- What to produce -
Look below for the line with "73768592 Rendsburg Schleswig-Holstein" and the line with "动力学与控制系,指导老师为于"; repeat exactly those two lines and all lines between them, but no pictures.

Excerpts from a dataset:
◇ ◇ ◇

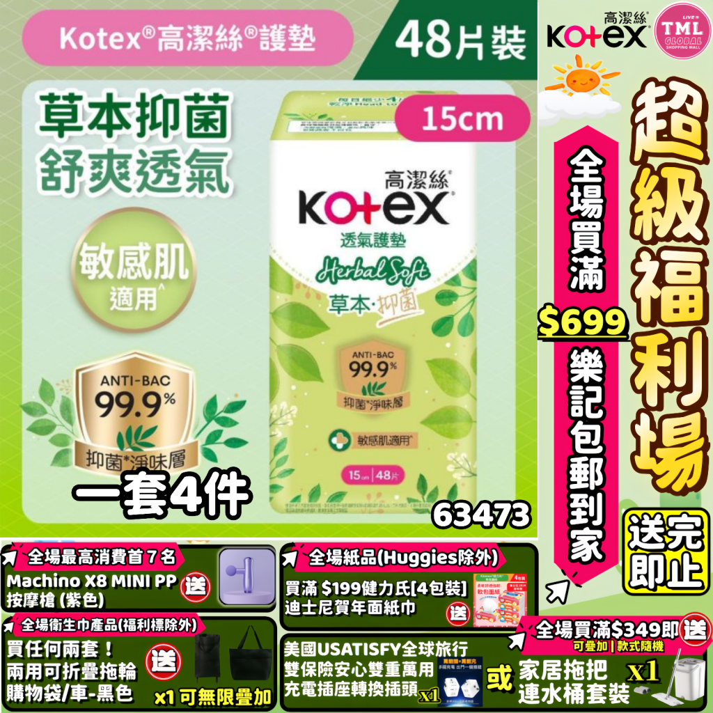 生活用品專場 Kotex 台灣製 草本抑菌護墊(15cmX48片)(1SET 4件)【買滿$699包郵樂記 | 19/3截單 | 預計4月中至尾到貨 | 20260314(63473.)】
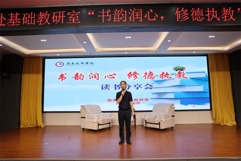 為激發(fā)教師的讀書(shū)熱情,打造書(shū)香校園的文化氛圍,近日,教務(wù)處基礎(chǔ)教研室在產(chǎn)教融合樓二樓舉辦了以“書(shū)韻潤(rùn)心·修德執(zhí)教”為主題的讀書(shū)分享會(huì),本次分享會(huì)主要圍繞吳非老師《致青年教師》中的教育理念,結(jié)合分享教師的個(gè)人經(jīng)驗(yàn)兩個(gè)方面,以談話(huà)和分享兩部分組成。
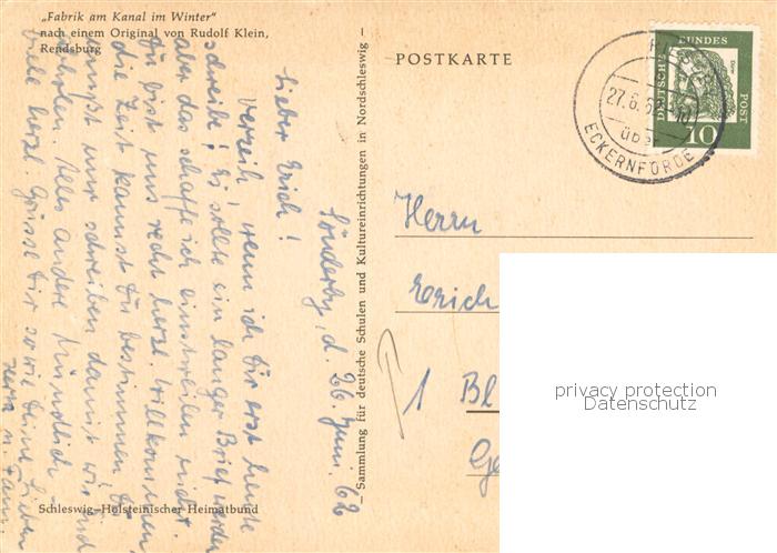 73768592 Rendsburg Schleswig-Holstein Fabrik am Kanal im Winter postalisch gelaufen Erhaltung siehe scans [WerneD78] alte Postkarte Wern Katcode 11110001058135
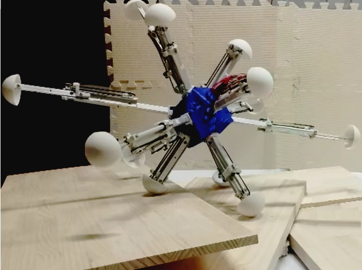 动力学与控制系,指导老师为于洋教授。该实验室长期致力于开发面向行星表面极端复杂地形的仿生变形机器人研究,研发了多款仿生机器人。该参赛团队以海胆为灵感,设计出一款可自主适应极端复杂地形的径向骨架机器人,采用仿海胆结构和基于强化学习方法的自主运动策略。通过在仿真环境下的控制策略预训练可实现陌生非结构化环境探测任务的快速部署。相较同类机器人平台具备良好的静态和动态平衡性,具备全向运动、无倾覆、变形能力强、低成本等优势。可作为运动平台服务于未来大规模行星探索、地球极端地形科考、灾害救援等无人环境巡逻探测场景。
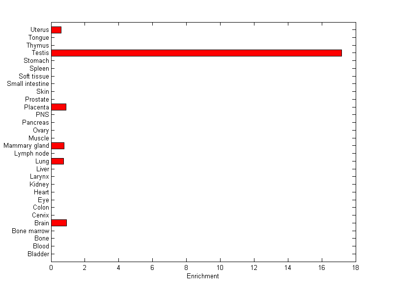 The expression level is normalized with tissue-library size. Each value for a gene in a tissue is a ratio of observed ESTs to the expected one in this tissue. The expected number of ESTs is the product of total ESTs of the gene and the fraction of total ESTs in the tissue among all ESTs in 30 tissues.
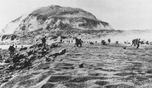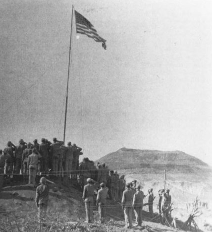 5th Division Marines land on Red and Green Beaches at the foot of Mount Suribachi under heavy fire coming from enemy positions overlooking the black sand terraces. The 28th Marines had not yet wheeled to the left towards Suribachi.
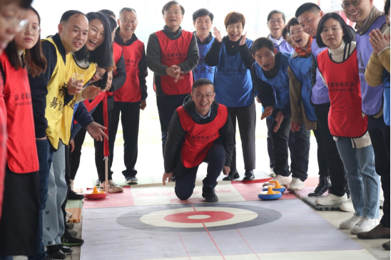 集结热身之后,大家共分成6支小队,两两进行冰壶对抗积分赛。每队的队员轮番上阵,找准目标位置、掷出冰壶,有的一把入圈,有的直接出界,还有的撞上“对手”的冰壶,竟给对方送了分。场上场下,时而欢笑声起,时而屏住呼吸。有队伍凭借实力一路大幅领先,也有队伍起初一直落后,却在最后一盘实现“绝地反杀”,大家在比赛中感受到冰壶运动的魅力。
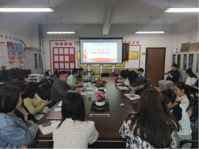 4月24日下午,现代康养学院党总支书记唐恭贺通过线上、线下形式在办公楼409会议室以“学习纪律处分条例推动党风廉政建设”为题为学院全体教师讲授专题党课。
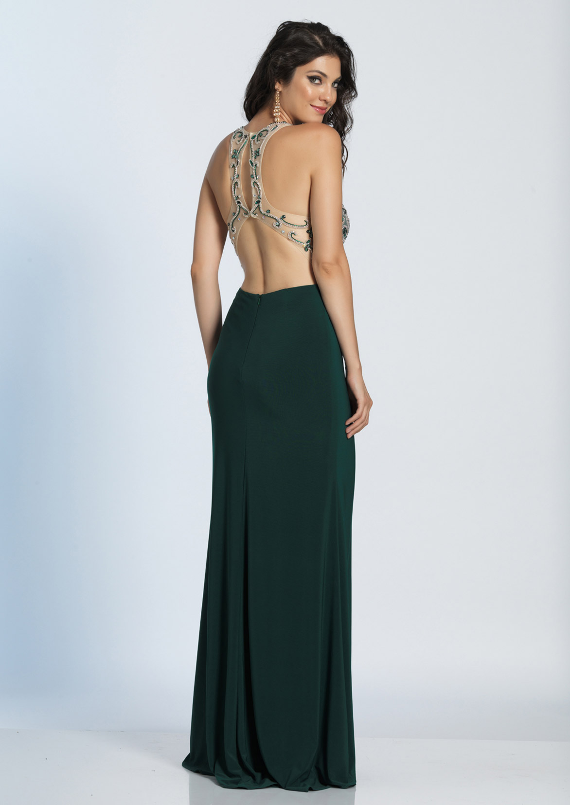 Dave and Johnny Prom Dress A4690. An illusion neckline is bedecked with glimmering accents. The beaded bodice swirls in a queenly motif with a sweetheart appeal to an embellished waistband. The flattering skirt fits your hips and flares to a mermaid design with shirring and a complete hemline.Fabric: Beaded Top/Jersey

◇ ◇ ◇

- Output of the task -
 73768592 Rendsburg Schleswig-Holstein Fabrik am Kanal im Winter postalisch gelaufen Erhaltung siehe scans [WerneD78] alte Postkarte Wern Katcode 11110001058135
 动力学与控制系,指导老师为于洋教授。该实验室长期致力于开发面向行星表面极端复杂地形的仿生变形机器人研究,研发了多款仿生机器人。该参赛团队以海胆为灵感,设计出一款可自主适应极端复杂地形的径向骨架机器人,采用仿海胆结构和基于强化学习方法的自主运动策略。通过在仿真环境下的控制策略预训练可实现陌生非结构化环境探测任务的快速部署。相较同类机器人平台具备良好的静态和动态平衡性,具备全向运动、无倾覆、变形能力强、低成本等优势。可作为运动平台服务于未来大规模行星探索、地球极端地形科考、灾害救援等无人环境巡逻探测场景。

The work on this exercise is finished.